With the outbreak of the U.S. and Israeli war against Iran at the end of February, the consequences of the conflict were not limited to the Middle East; the global economy was also affected.
Disruptions in trade routes and the transportation of goods around the world caused a sharp rise in oil prices, leading to higher inflation and instability in global markets.
At the same time, as economic uncertainty increased, many investors withdrew their capital from emerging markets and moved it into the U.S. dollar, a currency that is usually considered a safe financial haven during times of crisis.
As a result of these developments, currency markets in various countries experienced volatility. The value of some currencies declined, others faced severe instability, while a number of currencies showed greater resilience.
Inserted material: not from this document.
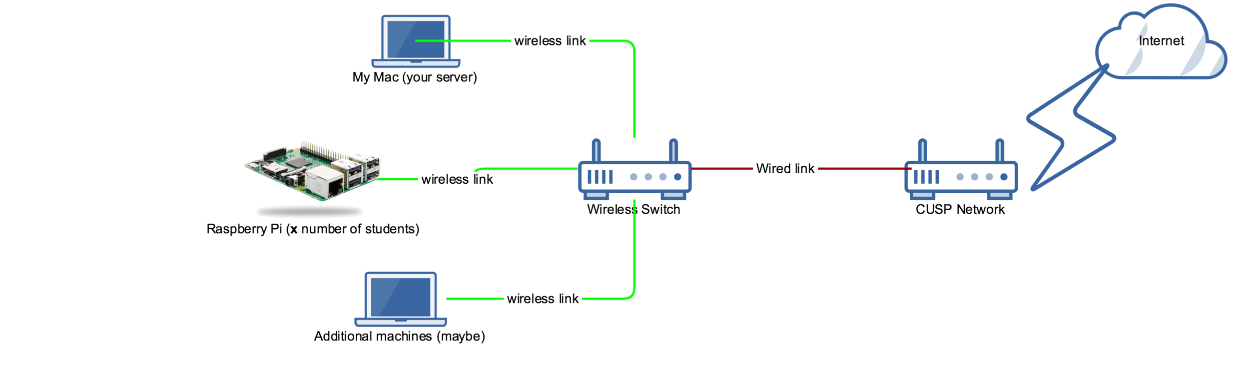 Connect to WiFi: iotclass-5, (authentication: iotclass5) Go to: http://192.168.1.99:8888 (note the port number) Login with your NYU net-id Download the ssh key (Make note of the IP address (this is where your Pi is waiting for you!!)

André Perfeito, a Brazilian economist and director of a financial consulting firm, says: “Higher oil prices affect all countries, but exchange-rate fluctuations can either intensify or lessen the impact.”
Countries that import most of their energy needs, especially oil, have come under greater economic pressure than others. India, Indonesia, the Philippines, Thailand, and Egypt are among the countries facing rising fuel costs and declining foreign currency reserves.
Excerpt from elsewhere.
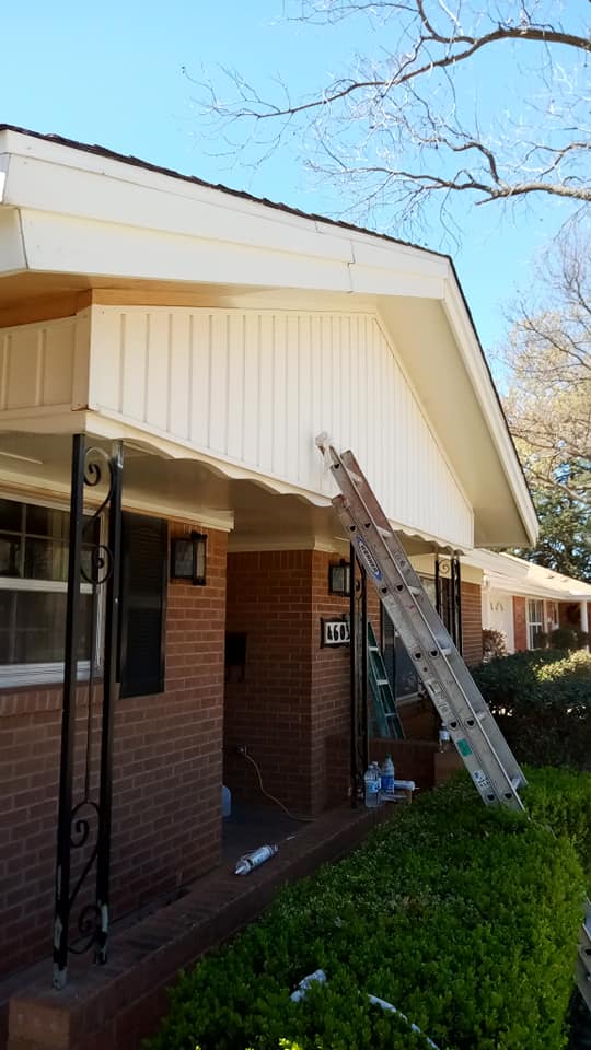 Fresh paint on soffits, fascia, and trim transforms this brick home's curb appeal. Clean lines and crisp white finish.

With growing demand for the U.S. dollar, the currencies of these countries have weakened, increasing the cost of repaying their dollar-denominated debts.
At the same time, disruptions to shipping traffic through the Strait of Hormuz have driven up the prices of oil and many essential goods. Since most of these goods are traded in dollars, the depreciation of national currencies has made imports more expensive.
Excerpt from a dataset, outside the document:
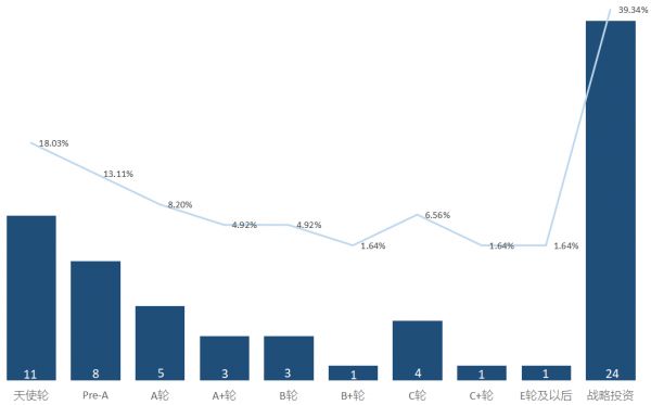 从融资轮次看,项目集中在战略投资和初创项目,其中战略投资24笔、天使轮11笔,分布与上周相比更加高度集中于战略投资。

This situation has affected the prices of various products, from energy and plastics to fertilizers and food, increasing the cost of living for citizens.
In India, the value of the rupee has fallen by around 5 percent against the dollar since the start of the war, while rising oil prices have repeatedly pushed it to historic lows.
Experts say the rupee had already been weakening before the war began, but recent tensions have accelerated its decline.
To contain the crisis, some central banks have raised interest rates and sold part of their dollar reserves in an effort to support their national currencies.
Indonesia’s central bank has also tried to boost demand for the rupiah and prevent further depreciation by selling dollars and buying rupiah.
Although raising interest rates can increase returns on bank deposits, it also raises the cost of repaying mortgages and other debts.